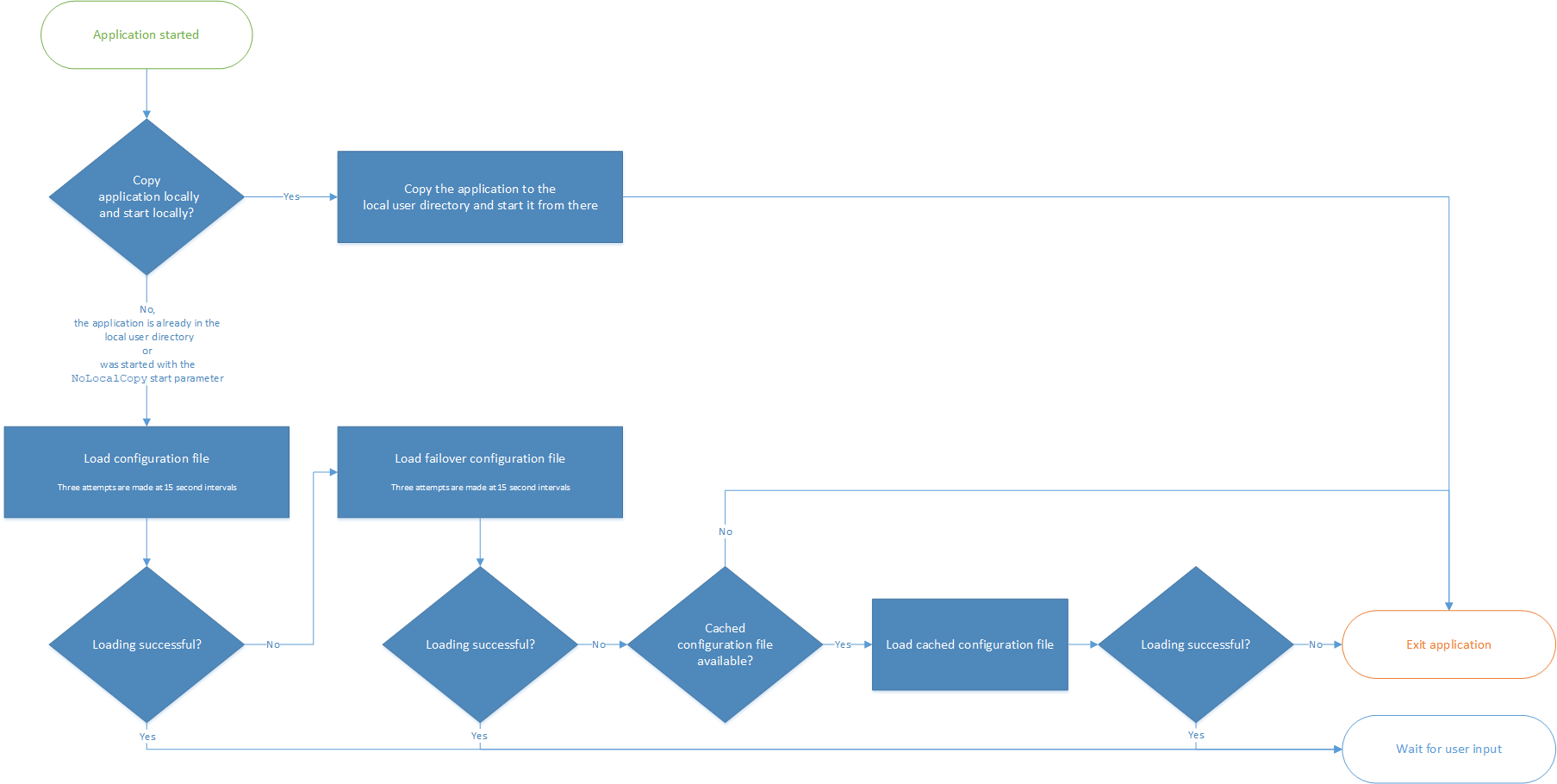 When the IBI-helpMe Client is started, by default, it initially creates a copy of itself in the local user application data directory, then starts this instance and terminates itself. This step is done to reduce network dependence to a minimum. In this way, the application can continue to run even if the network connection is lost. The creation of a copy in the local application data directory can be prevented by using the /NoLocalCopy start parameter. However, this start parameter should only be used if the application is already started from a local storage location.
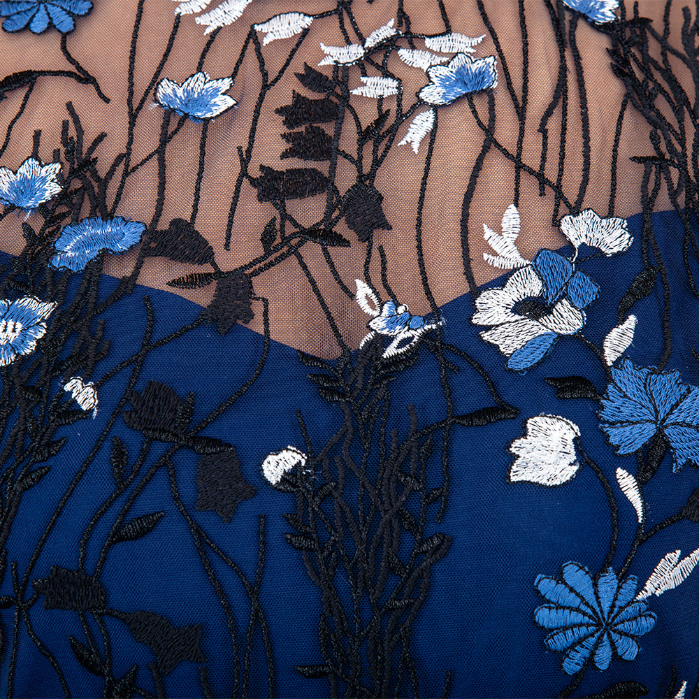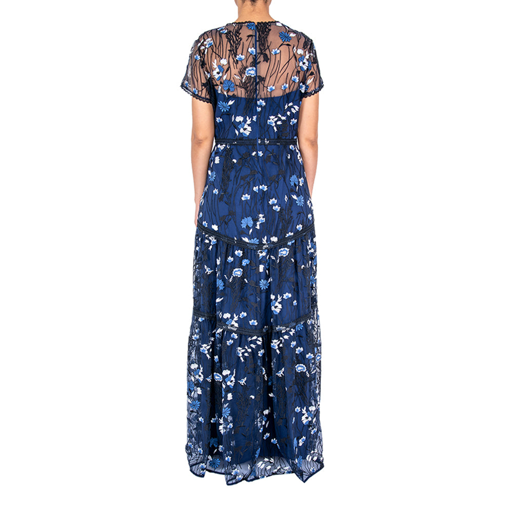 Ml By Monique Lhuillier Floral Embroidered A-Line Gown In Navy Multi
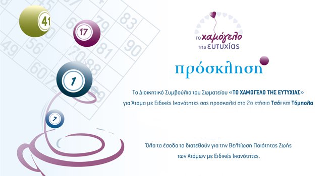 Ο Σύνδεσμος "Το Χαμόγελο της Ευτυχίας" για Άτομα με Ειδικές Ικανότητες διοργανώνει για δεύτερη φορά την ετήσια εκδήλωση "Τσάι και Τόμπολα" και μας καλεί να παίξουμε βοηθώντας συνάμα και τους συνανθρώπους μας που το έχουν ανάγκη. Όλα τα έσοδα θα διατεθούν για τη βελτίωση της ποιότητας ζωής των ατόμων με ειδικές ικανότητες. Η εκδήλωση τέλος, τελεί υπό την αιγίδα της συζύγου του Δημάρχου Ιδαλίου, Άντρης Καλλένου. Κυριακή 30 Μαρτίου, Κέντρο Ευκάλυπτοι, Δάλι, Λευκωσία, 16.00. Είσοδος €5.
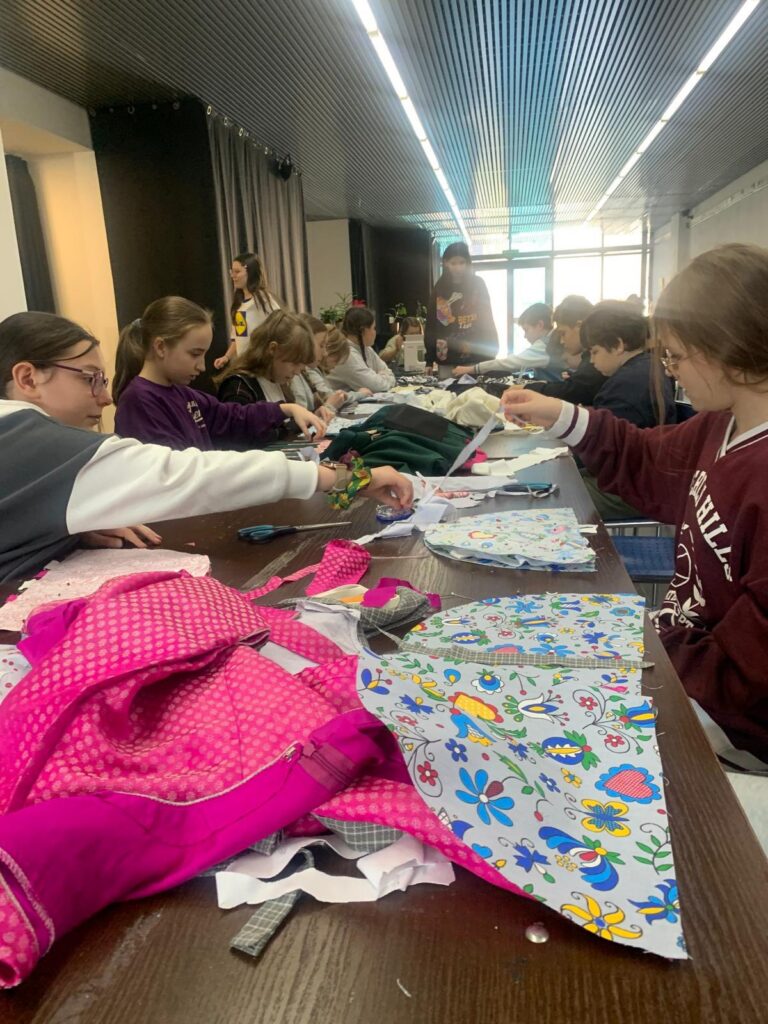 A klasa piąta poznała tajniki szycia podczas zajęć: Drugie życie ubrań, zorganizowanych przez Ośrodek Promocji Gminy Węgierska Górka.
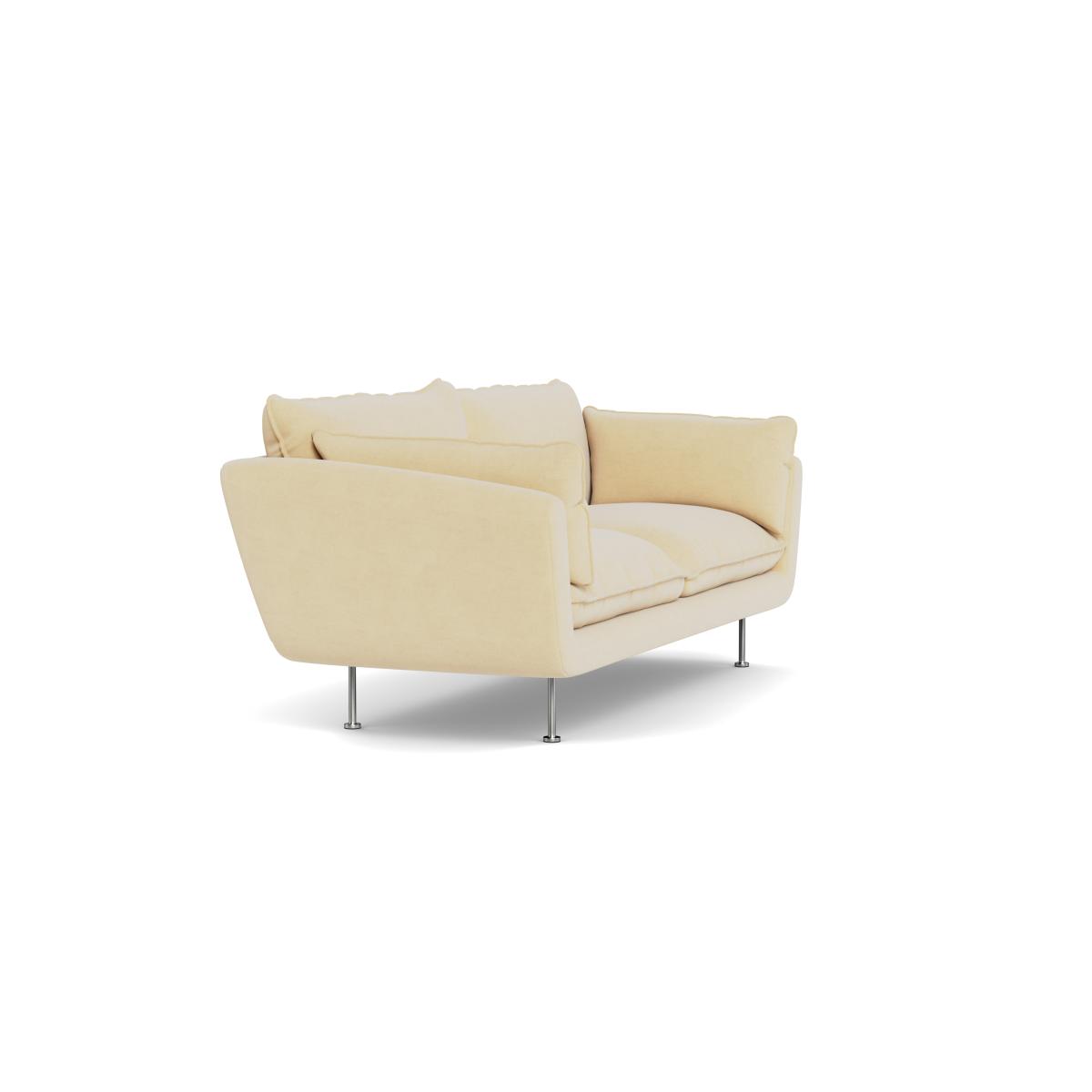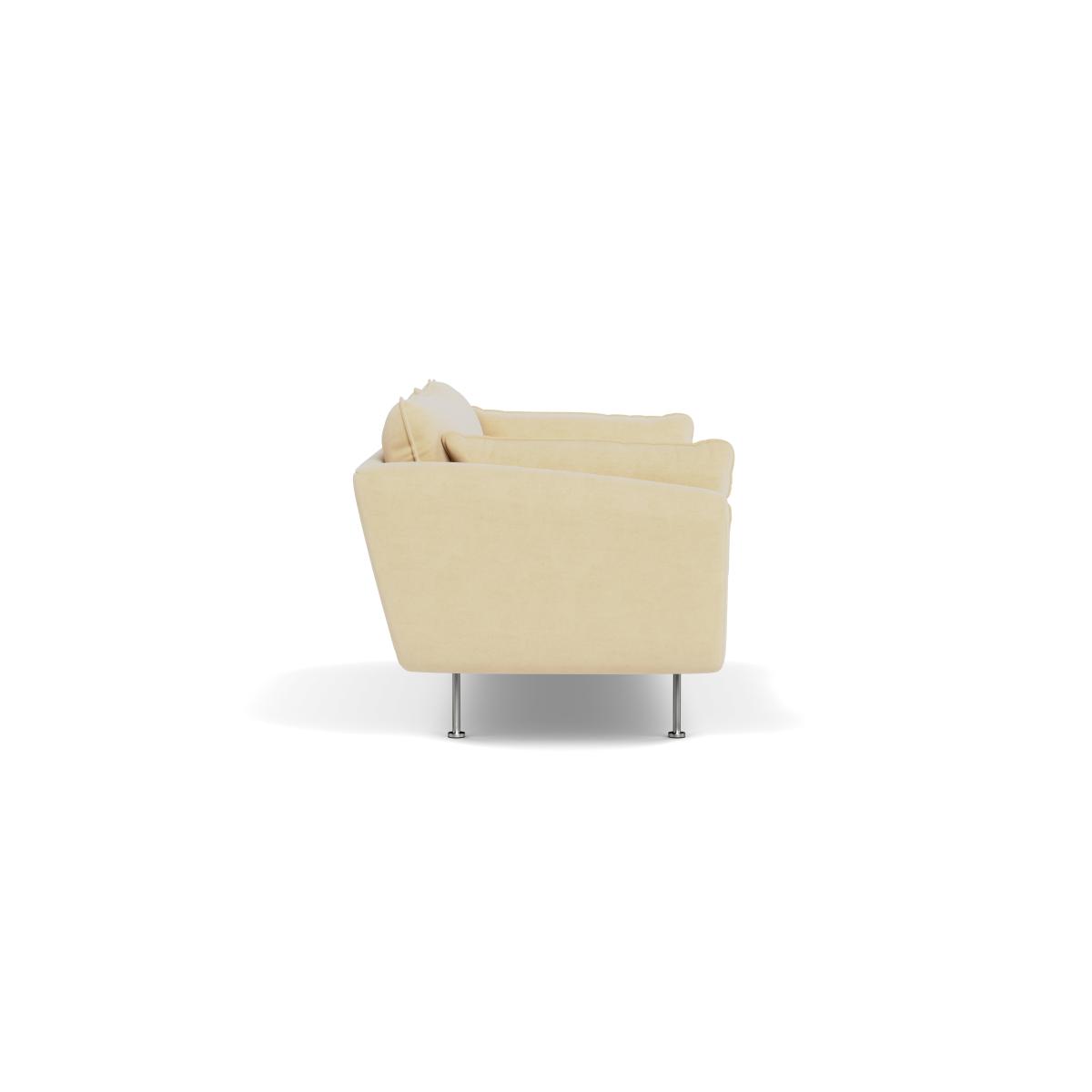 I love this sofa for its clever combination of luxe velvet and modern detailing. The Biscuit colour adds a soft, neutral touch that works well in both contemporary and classic interiors, making it versatile for various colour palettes. Its brass feet elevate the overall look, adding a subtle but impactful touch of sophistication. For styling, I suggest pairing it with textured cushions in complementary tones or metallic accents for added visual interest. This sofa works particularly well in open-plan living spaces or cosy lounges, where its elegant silhouette can be appreciated without overwhelming the room. Practical tips include choosing rugs and curtains in muted or warm hues to create a cohesive, inviting environment that highlights its refined finish.

◇ ◇ ◇

◆ **WHAT YOU SHOULD DO**:
The line with "Ml By Monique" and each line after it, through the final line of the data, are to be duplicated exactly, with pictures left out and nothing more included.

◆ **RESULT OF THIS EXERCISE**:
 Ml By Monique Lhuillier Floral Embroidered A-Line Gown In Navy Multi
 Ο Σύνδεσμος "Το Χαμόγελο της Ευτυχίας" για Άτομα με Ειδικές Ικανότητες διοργανώνει για δεύτερη φορά την ετήσια εκδήλωση "Τσάι και Τόμπολα" και μας καλεί να παίξουμε βοηθώντας συνάμα και τους συνανθρώπους μας που το έχουν ανάγκη. Όλα τα έσοδα θα διατεθούν για τη βελτίωση της ποιότητας ζωής των ατόμων με ειδικές ικανότητες. Η εκδήλωση τέλος, τελεί υπό την αιγίδα της συζύγου του Δημάρχου Ιδαλίου, Άντρης Καλλένου. Κυριακή 30 Μαρτίου, Κέντρο Ευκάλυπτοι, Δάλι, Λευκωσία, 16.00. Είσοδος €5.
 A klasa piąta poznała tajniki szycia podczas zajęć: Drugie życie ubrań, zorganizowanych przez Ośrodek Promocji Gminy Węgierska Górka.
 I love this sofa for its clever combination of luxe velvet and modern detailing. The Biscuit colour adds a soft, neutral touch that works well in both contemporary and classic interiors, making it versatile for various colour palettes. Its brass feet elevate the overall look, adding a subtle but impactful touch of sophistication. For styling, I suggest pairing it with textured cushions in complementary tones or metallic accents for added visual interest. This sofa works particularly well in open-plan living spaces or cosy lounges, where its elegant silhouette can be appreciated without overwhelming the room. Practical tips include choosing rugs and curtains in muted or warm hues to create a cohesive, inviting environment that highlights its refined finish.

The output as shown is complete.